▶ [Provided information]:
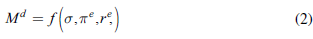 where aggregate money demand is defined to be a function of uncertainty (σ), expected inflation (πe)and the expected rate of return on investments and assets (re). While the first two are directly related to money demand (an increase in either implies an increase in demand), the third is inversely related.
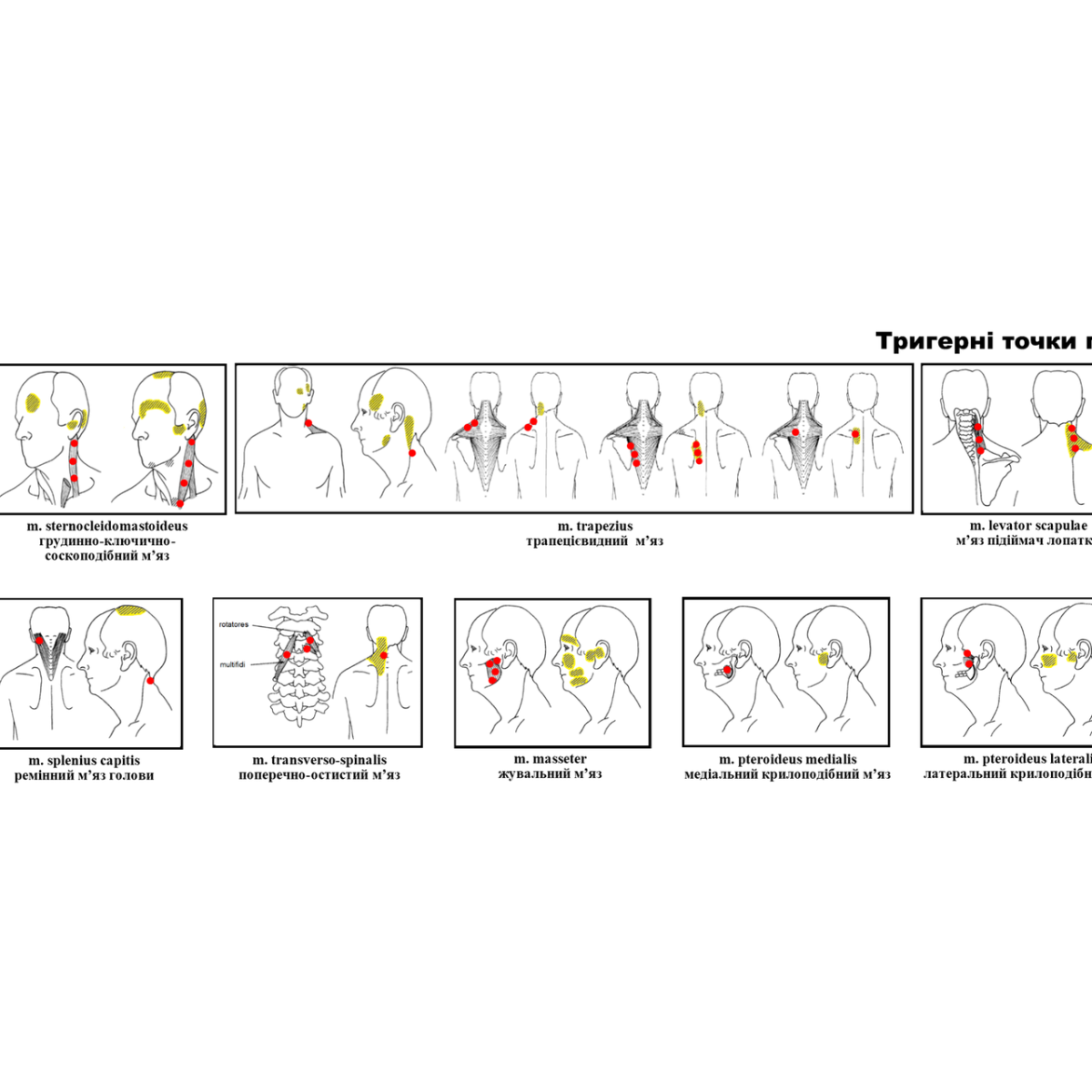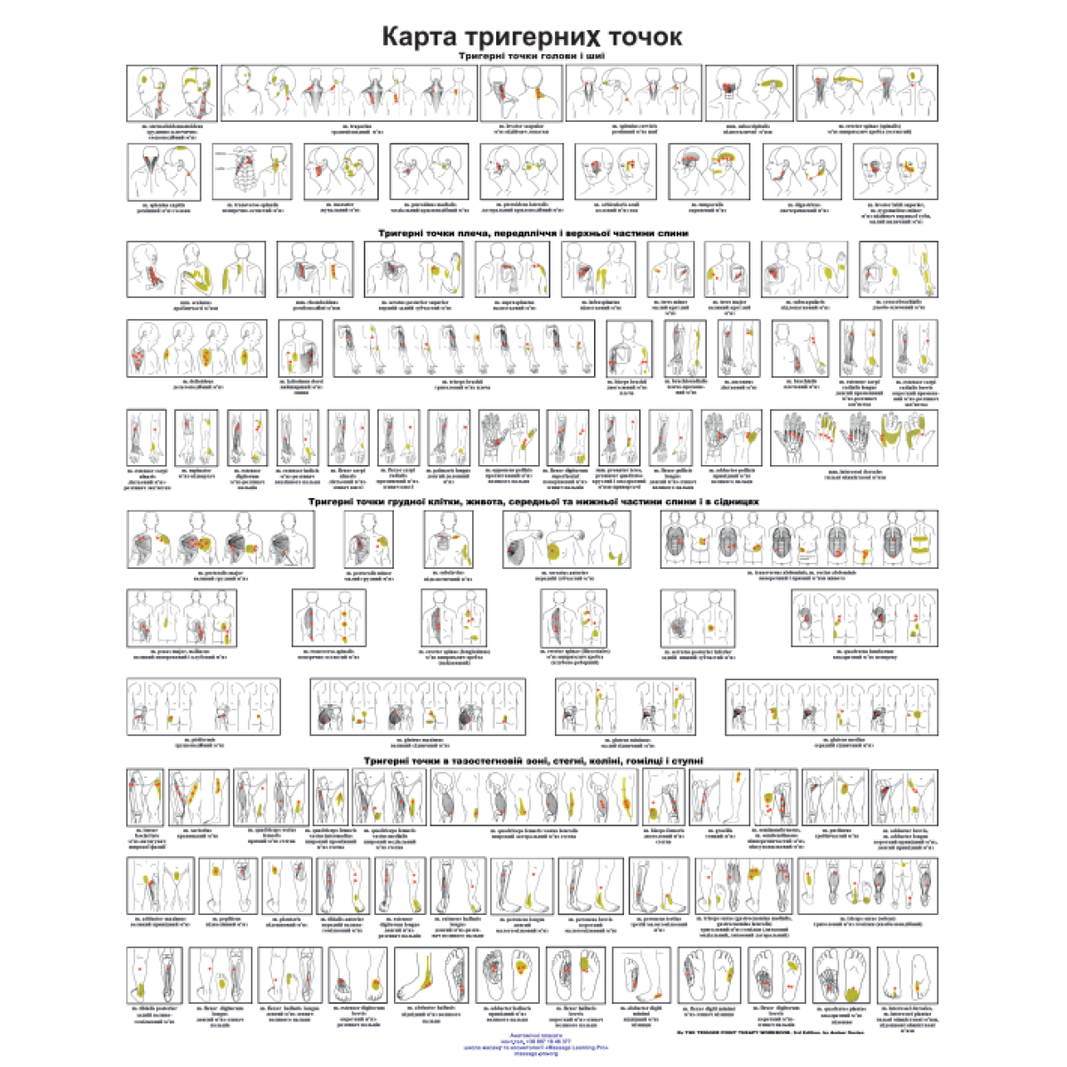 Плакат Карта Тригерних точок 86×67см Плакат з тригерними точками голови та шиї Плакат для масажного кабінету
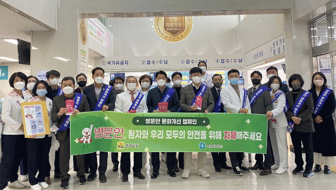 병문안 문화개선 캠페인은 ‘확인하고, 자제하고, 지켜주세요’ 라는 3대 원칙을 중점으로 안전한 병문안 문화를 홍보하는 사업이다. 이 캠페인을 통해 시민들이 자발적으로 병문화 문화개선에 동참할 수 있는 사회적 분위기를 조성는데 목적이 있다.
---
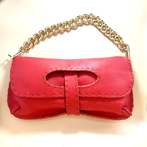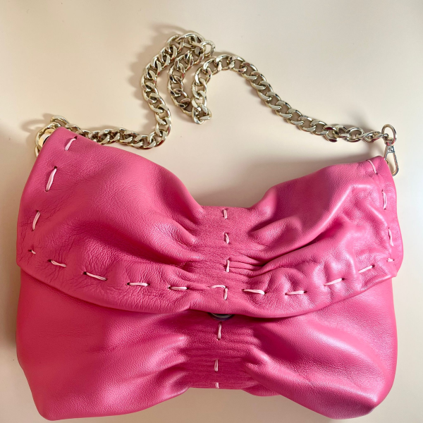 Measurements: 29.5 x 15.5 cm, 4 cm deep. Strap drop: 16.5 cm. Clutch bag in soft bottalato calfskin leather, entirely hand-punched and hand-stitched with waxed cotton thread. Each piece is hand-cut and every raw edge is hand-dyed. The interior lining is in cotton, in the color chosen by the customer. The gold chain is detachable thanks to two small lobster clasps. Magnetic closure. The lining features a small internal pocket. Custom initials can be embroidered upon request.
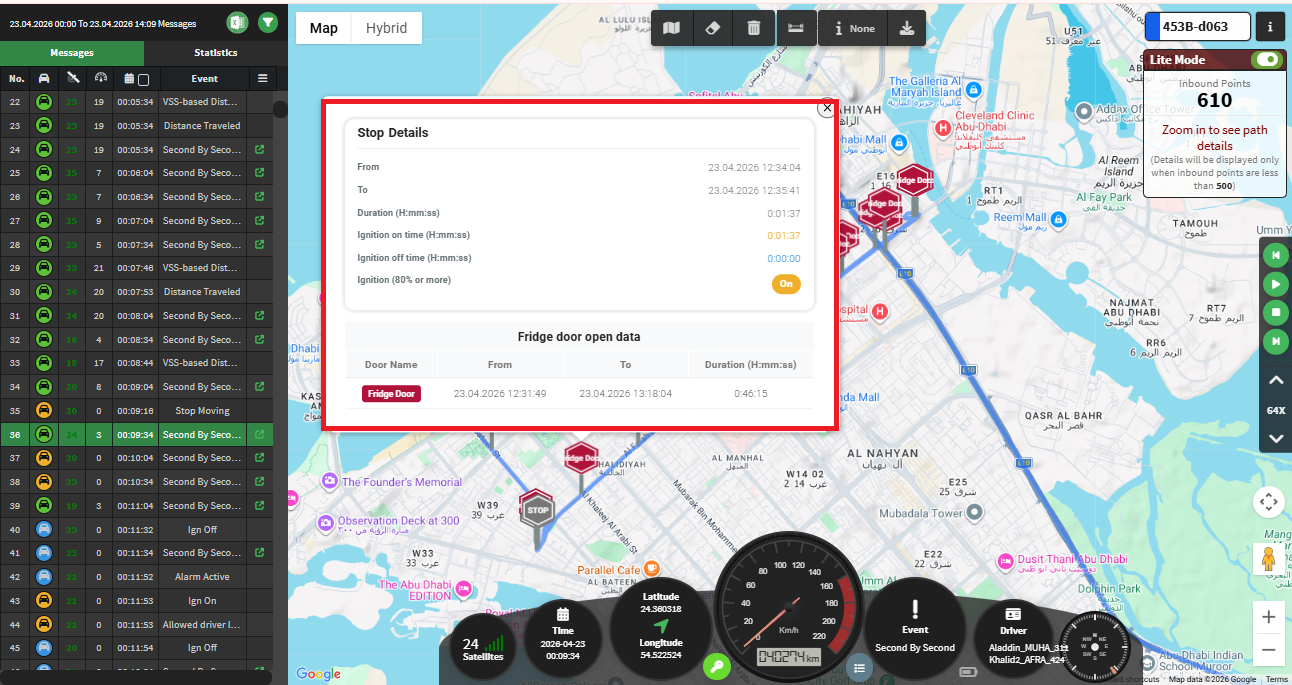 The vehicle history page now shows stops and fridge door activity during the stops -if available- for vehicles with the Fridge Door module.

▶ [Task to complete]:
Here the job is to copy the stretch of records from the line containing "where aggregate money" through the line containing "병문안 문화개선 캠페인은", word for word. Leave every picture out.

▶ [Finished task]:
 where aggregate money demand is defined to be a function of uncertainty (σ), expected inflation (πe)and the expected rate of return on investments and assets (re). While the first two are directly related to money demand (an increase in either implies an increase in demand), the third is inversely related.
 Плакат Карта Тригерних точок 86×67см Плакат з тригерними точками голови та шиї Плакат для масажного кабінету
 병문안 문화개선 캠페인은 ‘확인하고, 자제하고, 지켜주세요’ 라는 3대 원칙을 중점으로 안전한 병문안 문화를 홍보하는 사업이다. 이 캠페인을 통해 시민들이 자발적으로 병문화 문화개선에 동참할 수 있는 사회적 분위기를 조성는데 목적이 있다.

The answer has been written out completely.